MATERIAL PROVIDED:
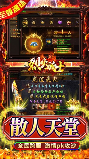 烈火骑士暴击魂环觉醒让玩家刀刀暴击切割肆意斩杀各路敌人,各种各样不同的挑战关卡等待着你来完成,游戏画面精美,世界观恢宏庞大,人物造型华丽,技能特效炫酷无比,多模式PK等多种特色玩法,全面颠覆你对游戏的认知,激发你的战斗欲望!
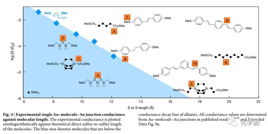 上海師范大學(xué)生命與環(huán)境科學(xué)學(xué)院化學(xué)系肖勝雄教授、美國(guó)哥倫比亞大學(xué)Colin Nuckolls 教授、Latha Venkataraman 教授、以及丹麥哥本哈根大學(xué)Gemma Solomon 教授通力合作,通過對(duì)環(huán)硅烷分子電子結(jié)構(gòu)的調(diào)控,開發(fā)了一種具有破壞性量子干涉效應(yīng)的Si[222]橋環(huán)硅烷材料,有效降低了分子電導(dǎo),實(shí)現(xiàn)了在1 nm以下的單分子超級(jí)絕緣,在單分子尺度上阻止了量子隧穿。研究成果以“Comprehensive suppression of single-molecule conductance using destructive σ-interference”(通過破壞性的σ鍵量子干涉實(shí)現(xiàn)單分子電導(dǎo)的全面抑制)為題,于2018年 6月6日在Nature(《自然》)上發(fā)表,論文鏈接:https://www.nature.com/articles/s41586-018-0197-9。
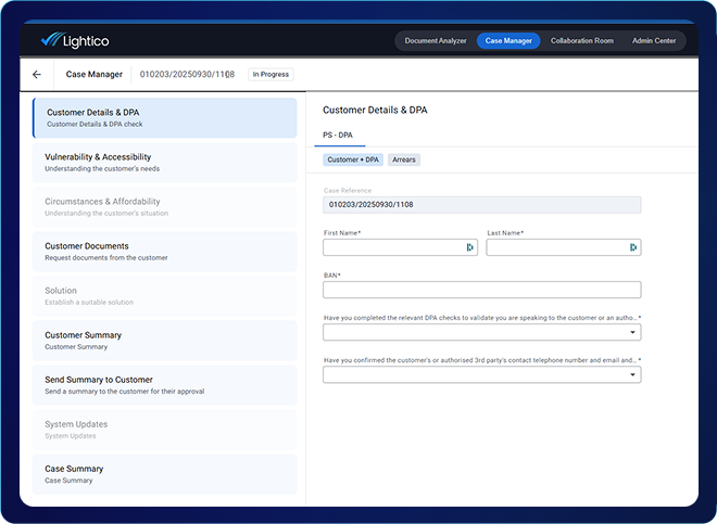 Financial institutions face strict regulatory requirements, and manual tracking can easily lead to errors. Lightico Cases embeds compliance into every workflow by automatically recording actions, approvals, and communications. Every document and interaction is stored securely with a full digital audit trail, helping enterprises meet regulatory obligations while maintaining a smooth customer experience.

TASK DIRECTIONS: Everything in the material above must be repeated exactly, apart from its pictures.

FINISHED EXERCISE:
 烈火骑士暴击魂环觉醒让玩家刀刀暴击切割肆意斩杀各路敌人,各种各样不同的挑战关卡等待着你来完成,游戏画面精美,世界观恢宏庞大,人物造型华丽,技能特效炫酷无比,多模式PK等多种特色玩法,全面颠覆你对游戏的认知,激发你的战斗欲望!
 上海師范大學(xué)生命與環(huán)境科學(xué)學(xué)院化學(xué)系肖勝雄教授、美國(guó)哥倫比亞大學(xué)Colin Nuckolls 教授、Latha Venkataraman 教授、以及丹麥哥本哈根大學(xué)Gemma Solomon 教授通力合作,通過對(duì)環(huán)硅烷分子電子結(jié)構(gòu)的調(diào)控,開發(fā)了一種具有破壞性量子干涉效應(yīng)的Si[222]橋環(huán)硅烷材料,有效降低了分子電導(dǎo),實(shí)現(xiàn)了在1 nm以下的單分子超級(jí)絕緣,在單分子尺度上阻止了量子隧穿。研究成果以“Comprehensive suppression of single-molecule conductance using destructive σ-interference”(通過破壞性的σ鍵量子干涉實(shí)現(xiàn)單分子電導(dǎo)的全面抑制)為題,于2018年 6月6日在Nature(《自然》)上發(fā)表,論文鏈接:https://www.nature.com/articles/s41586-018-0197-9。
 Financial institutions face strict regulatory requirements, and manual tracking can easily lead to errors. Lightico Cases embeds compliance into every workflow by automatically recording actions, approvals, and communications. Every document and interaction is stored securely with a full digital audit trail, helping enterprises meet regulatory obligations while maintaining a smooth customer experience.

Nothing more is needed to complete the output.